Rolex, yacht, homard... Ces symboles du luxe qui ont coûté cher aux politiques
François de Rugy, ministre de la Transition écologique, est raillé après la publication par Mediapart de photos des dîners fastueux qu'il organisait lorsqu'il était président de l'Assemblée nationale.
"Moi je n'aime pas le homard, je n'en mange pas. J'ai une intolérance aux crustacés.
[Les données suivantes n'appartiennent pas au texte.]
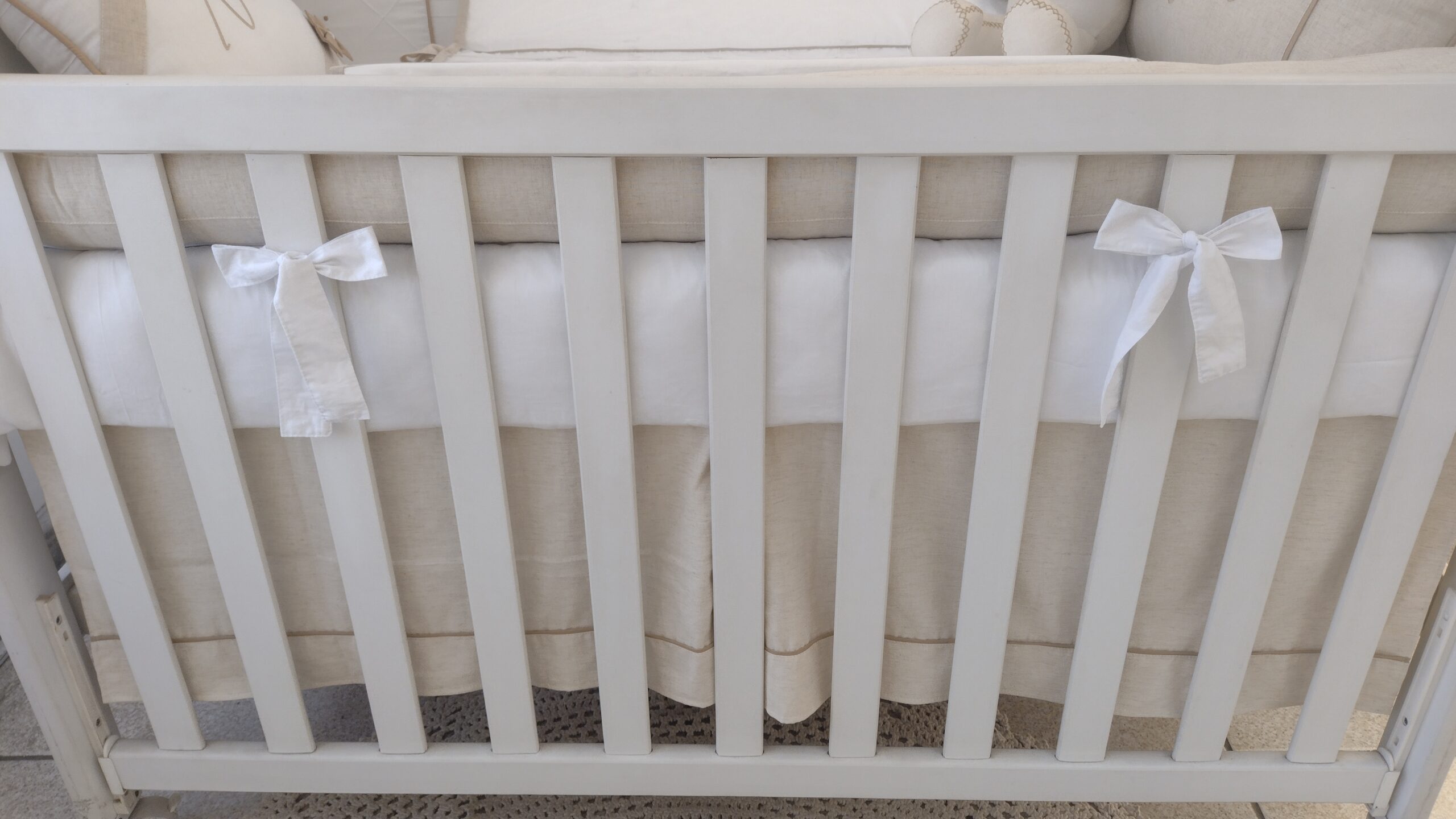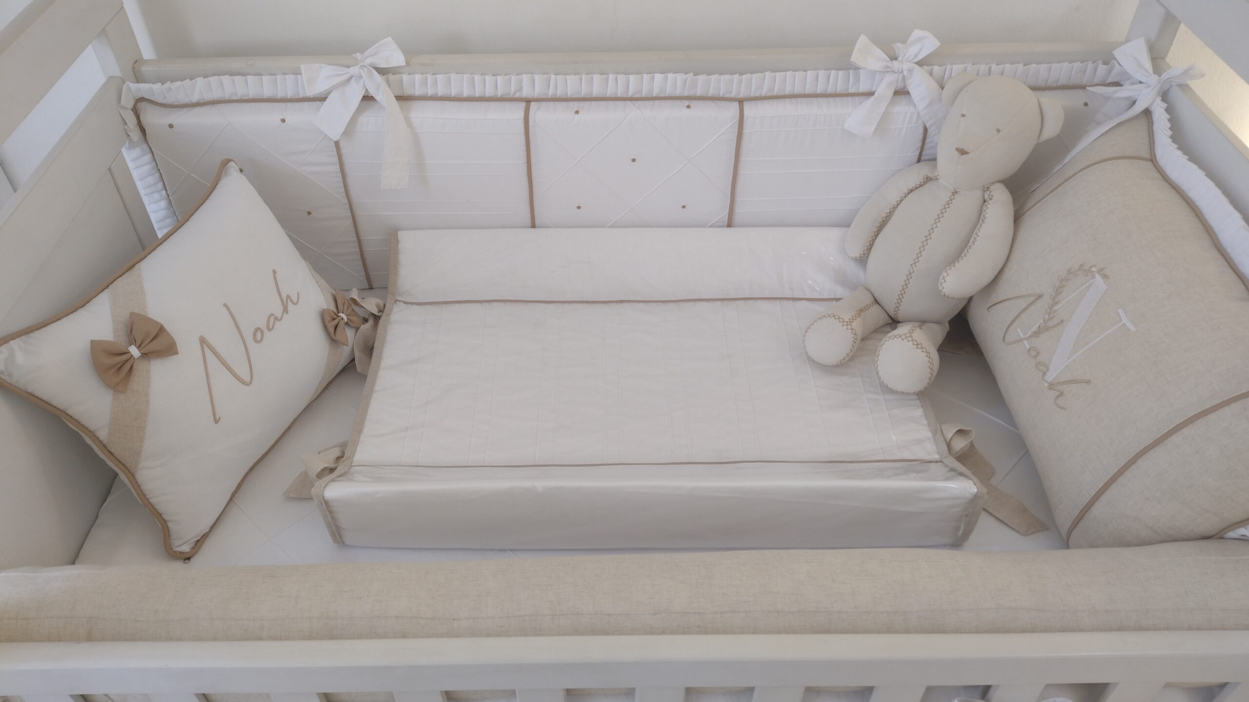 Kit Berço feito com tecido percal 400 fios 100% algodão, Sarja Leve antialérgico com longa duração de uso. Os enchimentos são feitos com manta siliconada para os protetores, ou espuma com densidade 23, proporcionando conforto e segurança ao bebê dentro do berço!

Et on fait croire que c'est moi qui demande qu'on serve des homards ?" La tirade de François de Rugy, vendredi 12 juillet, sur BFMTV, passerait pour surréaliste si le ministre de la Transition écologique n'était pas, depuis deux jours, pris dans la polémique des dîners luxueux donnés à l'hôtel de Lassay lorsqu'il était président de l'Assemblée nationale.
Et les homards géants des époux Rugy sont en passe de devenir irrémédiablement liés au nom du ministre, en témoigne l'accueil qu'il a reçu lors de son déplacement à Niort (Deux-Sèvres), où des manifestants ont brandi un gros crustacé gonflable... Un boulet qu'il lui sera difficile à faire oublier comme, en leur temps, le yacht de Bolloré sur lequel Nicolas Sarkozy avait digéré son élection à la présidence de la République, les cigares de l'ancien secrétaire d'Etat Christian Blanc ou encore les chaussures cirées de l'ancien conseiller élyséen Aquilino Morelle.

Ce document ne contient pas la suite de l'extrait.